Budapest, Jan 8 (IANS) The fifth wave of the Covid-19 pandemic fuelled by the Omicron variant has hit Hungary, a top official announced.

Bela Merkely, rector of Semmelweis Medical University in Budapest and leader of the Clinical Epidemiology Working Group, said said that since the Omicron variant is highly contagious, tens of thousands of new cases can be expected in the country in the coming days and weeks, reports Xinhua news agency.

"The Omicron variant typically causes only mild upper respiratory infections in vaccinated people -- runny nose, sore throat, headache and fever lasting for a day or two," he explained, warning that the hospitalization rate for unvaccinated people may increase.

"The proportion of serious cases is likely to be lower than in the third and fourth waves," he said.

Vaccination against coronavirus is the only way to significantly reduce the chances of being hospitalised, Merkely said, stressing that three vaccine doses offer high protection.

Virologist Miklos Rusvai said he expected the number of new daily cases to break all previous records during the fifth wave.

"I think that in the fifth wave, we may see over 15,000 new cases per day," he told Xinhua.

"However, I expect the number of severe cases, hospitalizations, or deaths to be lower than that recorded during the third wave," he said.

The fourth coronavirus wave caused the largest number of infections but fewer deaths and hospitalisations than the third one, as larger parts of the population had already been inoculated, Rusvai said.

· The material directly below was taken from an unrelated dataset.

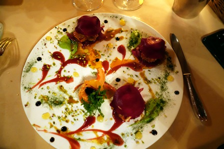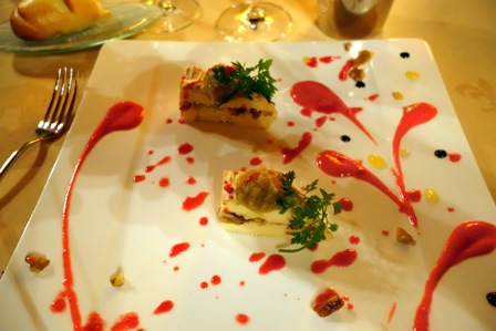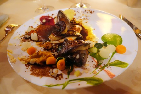 Je commence à regarder la carte des vins toujours aussi engageante et mes yeux se portent sur un Bonnes Mares Domaine Georges Roumier 2005. Bâtir un menu avec ce vin ne sera pas forcément facile et je choisis : Fraîcheur de homard en habit rouge, crémeux de Bufala à l’huile de pistache / suprême de pigeon rôti, foie gras rôti, caramel de betterave au vin rouge.

The Omicron variant has significantly more mutations than the other variants, which make it super-contagious, but in the long run and on the global scale this could in fact be good news as the variant will infect many people and immunise them, but will not send them to ventilators, Rusvai said.

Omicron will thus "push out" the Delta variant, which is much more lethal.

Rusvai told Xinhua that he expected the fifth wave to peak in February and then to bottom out by the autumn. "Such viruses usually become weaker over time, turning into a cold-like disease."

He said that the Omicron variant posed a threat mainly to the unvaccinated people, but it was less severe than the Delta variant.

Hungary has so far reported 1,282,957 Covid cases and 39,780 deaths, while 1,137,648 people have recovered.

Currently, 3,070 patients are being treated in hospitals, including 291 on ventilators.

Till date, 6,278,355 people have received at least the first vaccine dose, 6,006,178 others were fully jabbed and 3,217,724 got their booster doses.